Exercise directions ▸
Each line from the one that holds "رسالة من مدير" to the end of the entries is to be given again exactly. Do not include pictures.

#####

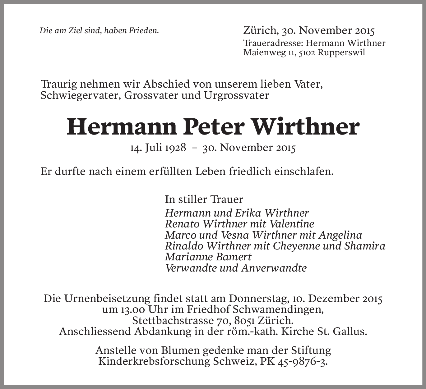 Möchten Sie über neue Todesanzeigen und Kondolenzen für diesen Verstorbenen informiert werden?
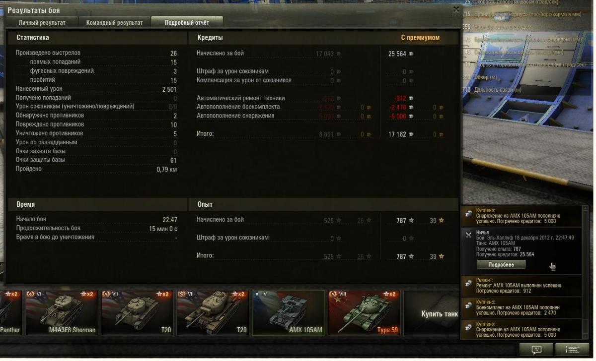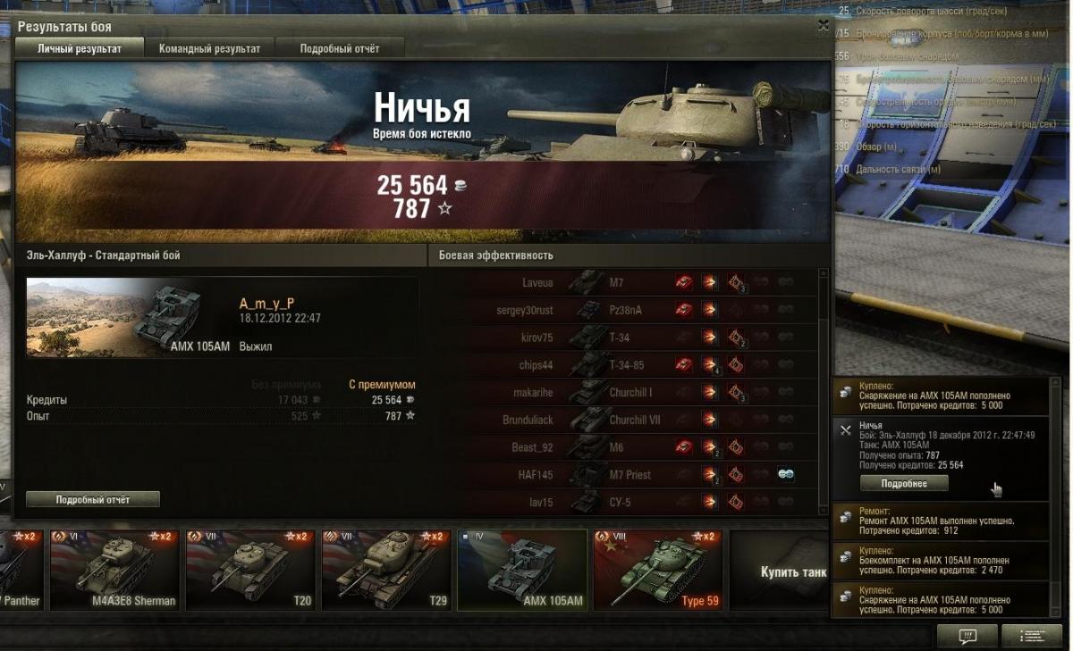САУ АМХ 105АМ Поражение. Кредиты без ПА - 17043, с ПА - 25564 Опыт без ПА - 525, с ПА 787. http://cdn-frm-eu.wargaming.net/wot/ru/uploads/monthly_12_2012/post-3595660-0-01714100-1355858134_thumb.jpg http://cdn-frm-eu.wargaming.net/wot/ru/uploads/monthly_12_2012/post-3595660-0-91405100-1355858363_thumb.jpg
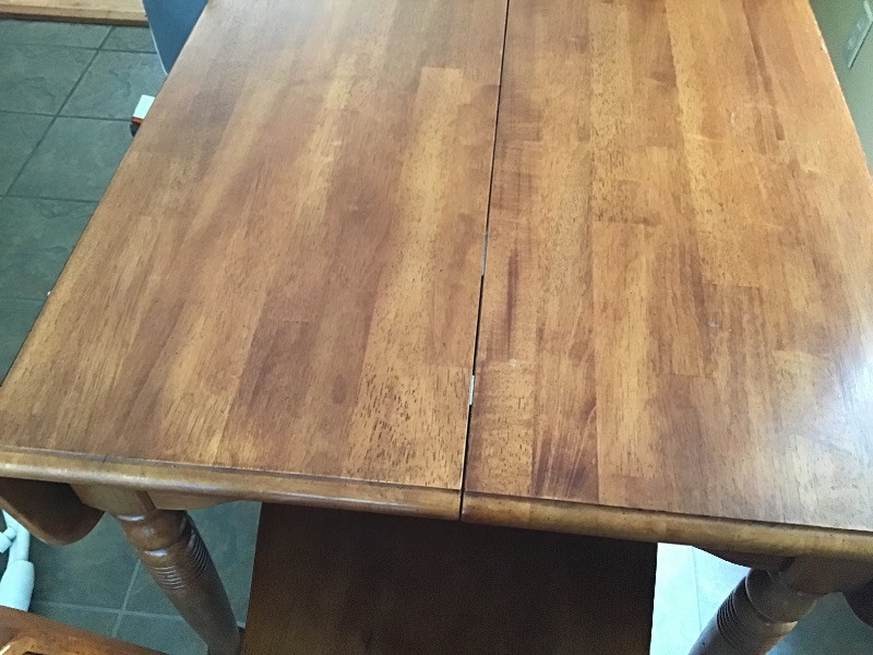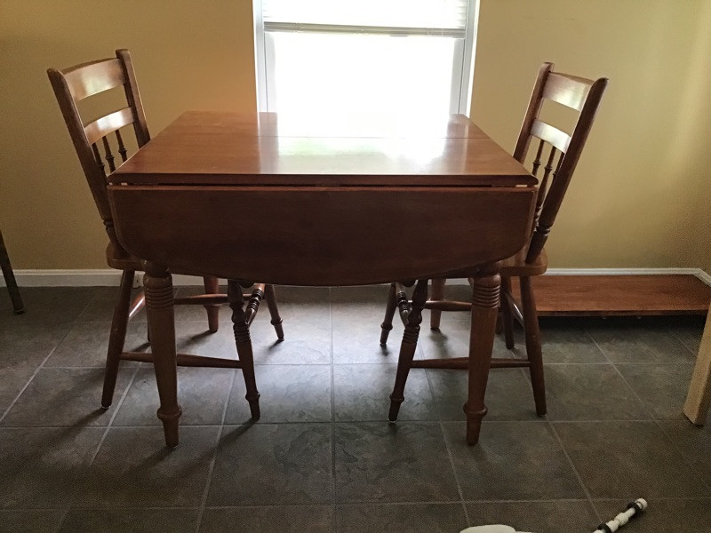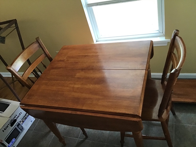 Beautiful in great condition-Solid wood table with two chairs. 30 inch wide without flaps and insert. 62 inches total with flaps and insert leaf.
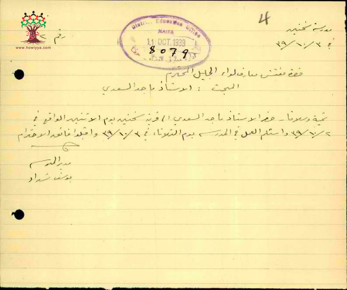 رسالة من مدير مدرسة سخنين الى المفتش العام عن حضر المعلم ماجد السعدي - عكا
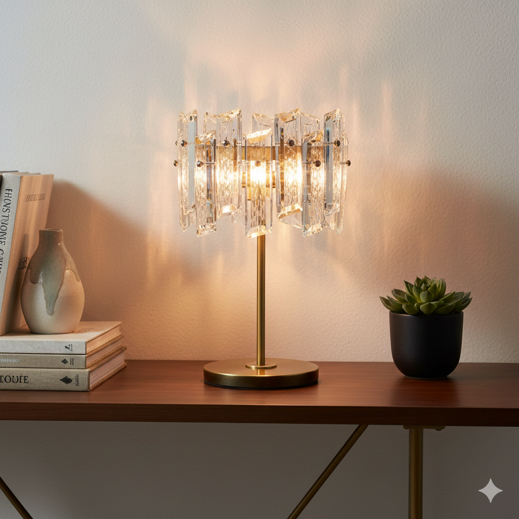 Arcadia è una lampada da comodino dal design classico ed elegante, caratterizzata da una struttura in metallo dorato o cromato e da magnifici cristalli K9 che diffondono la luce in modo morbido e scintillante. La lampada è perfetta per illuminare con un tocco di raffinatezza comodini, console o tavolini da salotto, creando un'atmosfera suggestiva e sofisticata.
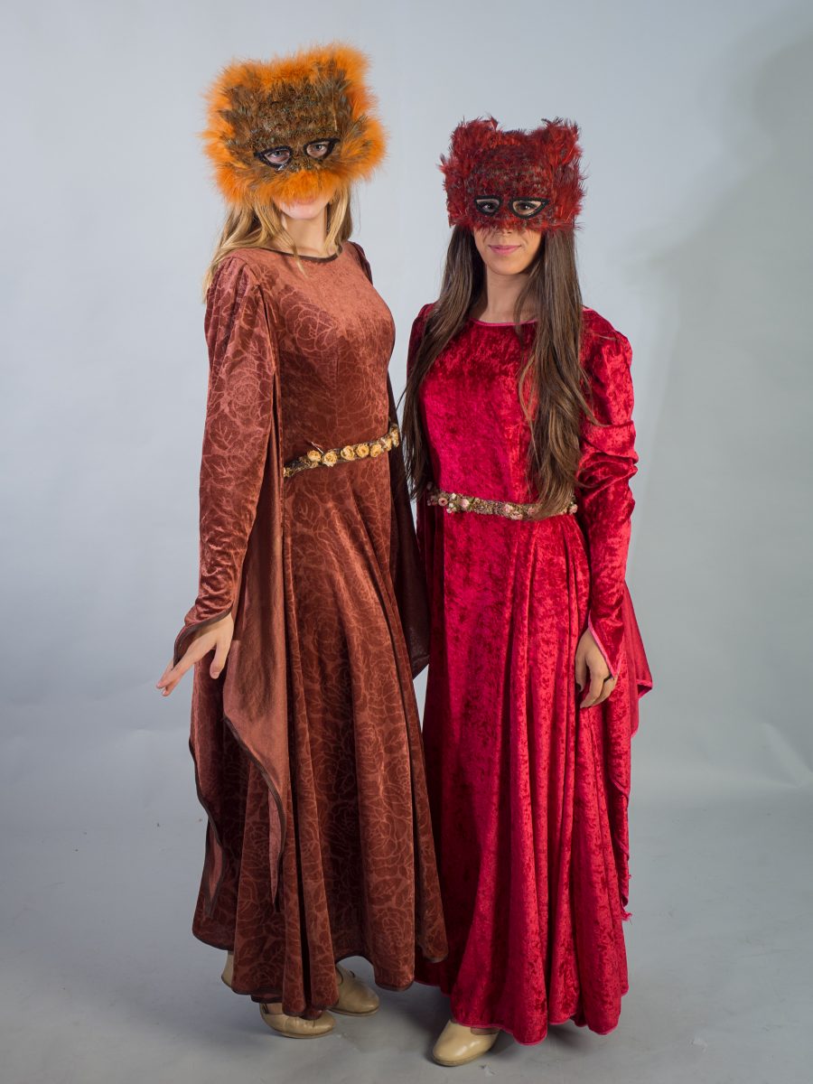 Ballet de mujeres guerreras, cazadoras y amazonas. Con pieles de animales, cabezas de lobo y lanzas.
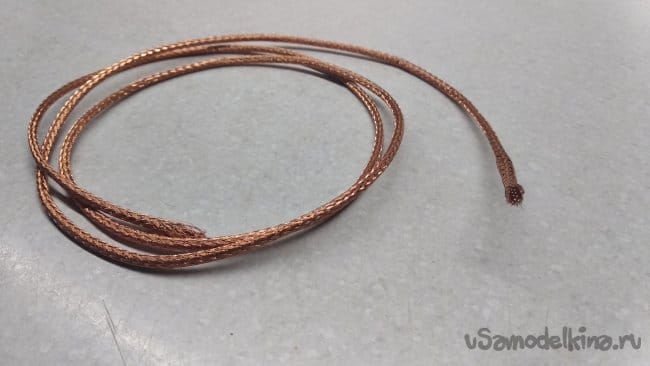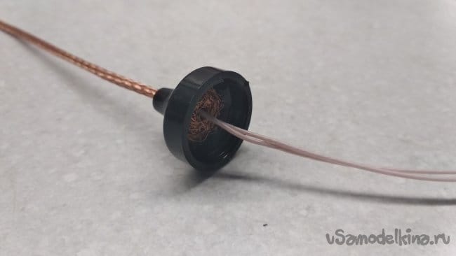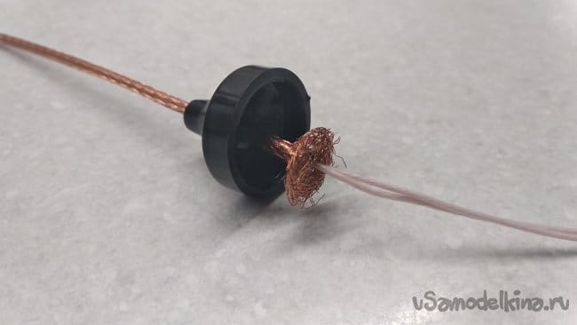 Для этого, распушив край оплётки, закрепить её внутри крышки, небольшим количеством термоклея.

#####

Written answer ▸
 رسالة من مدير مدرسة سخنين الى المفتش العام عن حضر المعلم ماجد السعدي - عكا
 Arcadia è una lampada da comodino dal design classico ed elegante, caratterizzata da una struttura in metallo dorato o cromato e da magnifici cristalli K9 che diffondono la luce in modo morbido e scintillante. La lampada è perfetta per illuminare con un tocco di raffinatezza comodini, console o tavolini da salotto, creando un'atmosfera suggestiva e sofisticata.
 Ballet de mujeres guerreras, cazadoras y amazonas. Con pieles de animales, cabezas de lobo y lanzas.
 Для этого, распушив край оплётки, закрепить её внутри крышки, небольшим количеством термоклея.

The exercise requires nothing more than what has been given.